Slingshot
(Street et al.
2018) is a popular and powerful trajectory inference tool,
available from bioconductor. While it only provides default plotting
functions in base R, the package also offer conversion functions that
can be used to generate plots with ggplot2
(Wickham 2016).
We will assume that you are both familiar with slingshot
and ggplot2
. Otherwise, please refere to the respective
packages’ vignettes.
We run slingshot
on the provided example
# Running slinghsot
suppressPackageStartupMessages(library(slingshot))
data("slingshotExample")
rd <- slingshotExample$rd
colnames(rd) <- c("Dim1", "Dim2")
cl <- slingshotExample$cl
df <- data.frame(rd, "cl" = as.character(cl))
sds <- slingshot(rd, cl)
We can then visualize the samples in reduced dimension.
suppressPackageStartupMessages(library(ggplot2))

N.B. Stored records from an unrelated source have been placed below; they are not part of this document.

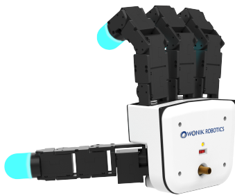
Allegro Hand V5(4F)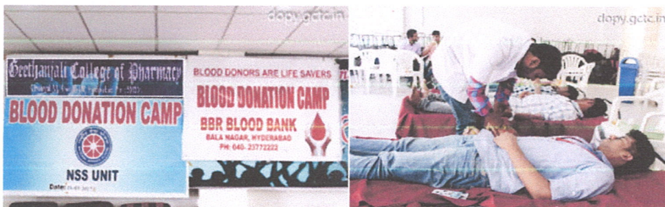
Blood donation at Geethanjali college of pharmacy

Geethanjali College of Pharmacy -NSS Units conducted Blood Donation Camp in collaboration with BBR Blood Bank, Balanagar, Hyderabad. The programme has been scheduled at 10:30 AM at Geethanjali college of Pharmacy seminar hall block no-I. Many of the students came forward to donate the blood and faculty also donated the blood. The event was a grand success.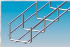
Open standard cable trays

- Comes with the following wire cable tray types

suppressPackageStartupMessages(library(dplyr))
# Plotting the results
p <- ggplot(df, aes(x = Dim1, y = Dim2)) +
geom_point(aes(fill = cl), col = "grey70", shape = 21) +
theme_classic()
p
Then, we can add the curves. We can extract the needed information
using the accessory functions. This can be turned into tidy
data.frames that interact nicely with ggplot2
by setting
the as.df
argument to TRUE
.
curves <- slingCurves(sds, as.df = TRUE)
p + geom_path(data = curves %>% arrange(Order),
aes(group = Lineage))
We can do all the usual ggplot2 operations
p + geom_path(data = curves %>% arrange(Order),
aes(group = Lineage), size = 1.5)
p + geom_path(data = curves %>% arrange(Order),
aes(group = Lineage, col = as.character(Lineage)), size = 1.5)
slingshot
relies on a minimum spanning tree to build the
lineages. We can extract the information via:
mst <- slingMST(sds, as.df = TRUE)
We can then plot the nodes of the graph
p + geom_point(data = mst, size = 4)
And then add the edges
p + geom_point(data = mst, size = 4) +
geom_path(data = mst %>% arrange(Order), aes(group = Lineage), size = 2)
ggplot2
objects are very versatile. It is therefore
quite easy to add the slingshot information to the output of a function
that returns such an object. Here we demonstrate with the
plotReducedDim
function from the scater
package(McCarthy et al. 2017).
suppressPackageStartupMessages(library(scater))
suppressPackageStartupMessages(library(SingleCellExperiment))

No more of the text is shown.